There was a discussion regarding the tiny white bowl placed in front of my mancat cubbie. There had never been a bowl there before, and while I was witness to its placement, Buddah was not, and he did his best to convince me that drinking from it would be a huge mistake. It could be anything! Why take the chance?
I stared into the bowl and contemplated all the ways I could mess with him. I wanted to tell him it was tuna water; if he thought that it was, he would rush to drink it before I could, and while his face hovered over the bowl, I could dunk it with one might swipe of my paw.
Oh, I wanted to. I so wanted to.
But before I could make up my mind, the Woman told him to leave me alone. The water was for me and he had his own on the counter. Or he was free to drink from the fountain. Or even the little white bowl on the kitchen floor near my food mat. But she was not going to allow him to bother me in a moment she thought I wanted to drink.
She feels guilty.
A few days ago, while preparing my snack, she set her heel down right on top of my paw. I didn’t scream, but I let her know what she had just done was unacceptable and that I wanted an apology as soon as she was done scooping out the wonderful stinky, fishy goodness. I was perfectly capable of eating while she said she was sorry, and the food was more important, so it could wait a minute.
I did not get that apology.
What I got was, “Max, stop winding around my feet, you’re going to get hurt.”
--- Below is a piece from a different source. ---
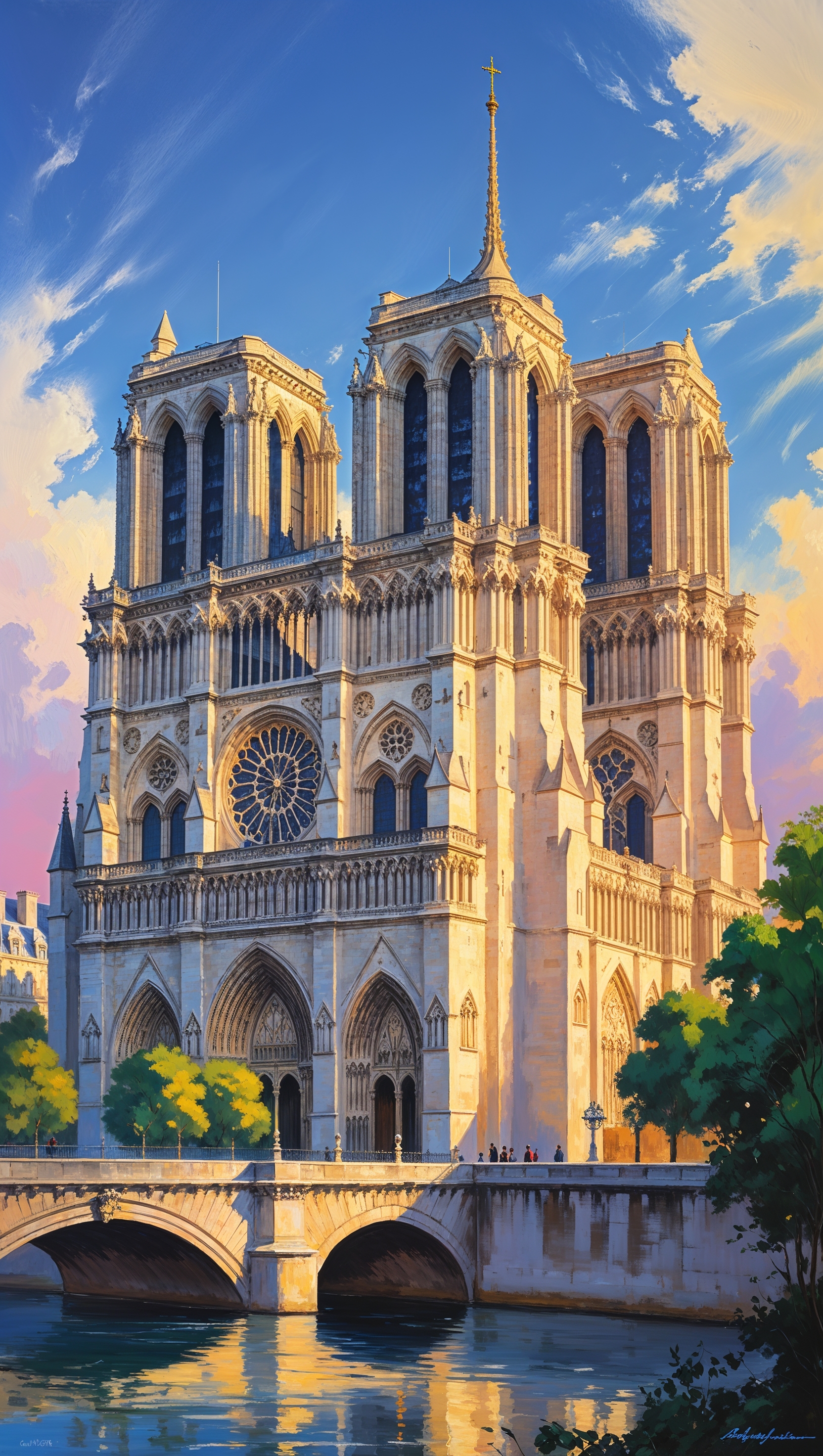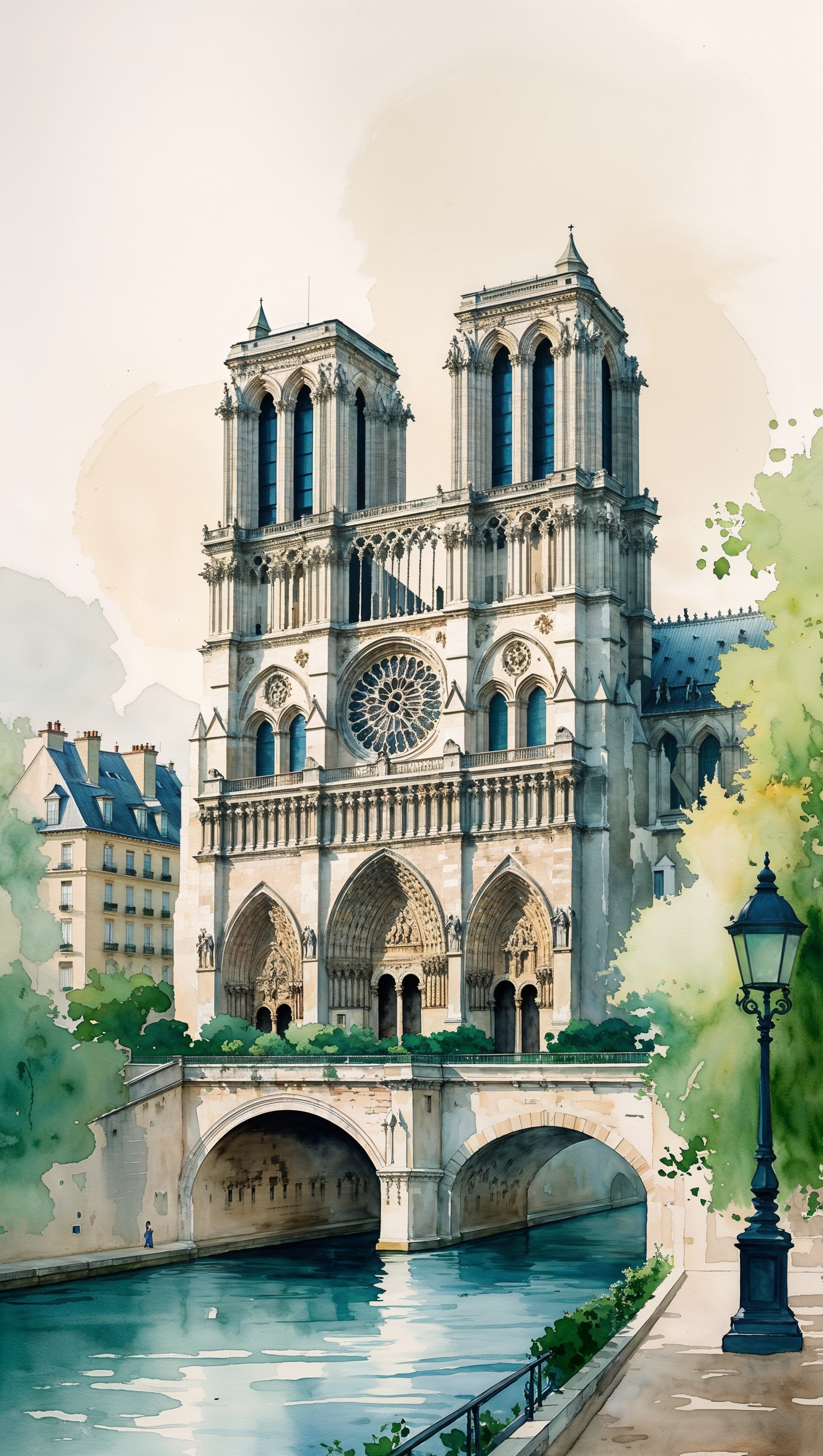 1664x2944 Notre Dame in watercolor painting style for iPhone background

Yes. Well. I started eating and we both forgot about it. Well, she did. I remembered the next day, when I had a little bit of a limp. And I really remembered yesterday, when my limp was pronounced enough that she carried me from room to room when it seemed as if there was somewhere I wanted to be. She brought me into the kitchen for food. She even took me to the litter box. And she watched me, so very closely.
At bedtime snack, it hit her, and she clamped her hands over her mouth while she groaned, “Oh no!” And that’s when she remembered that she’d stepped on me. And that’s when I got an apology.
A little late, but, okay.
As part of her catering to me, I was given this little bowl of water so that I didn’t have to move very far to get a drink. The Man brought snacks to me. It was pretty freaking sweet.
But then I got up this morning and I wasn’t limping nearly as much. So there’s been less catering, but it hasn’t gone away completely. I need to remember that when I get up tomorrow. Limp just a tiny bit so that they keep doing things for me, but not so much they call the stabby guy.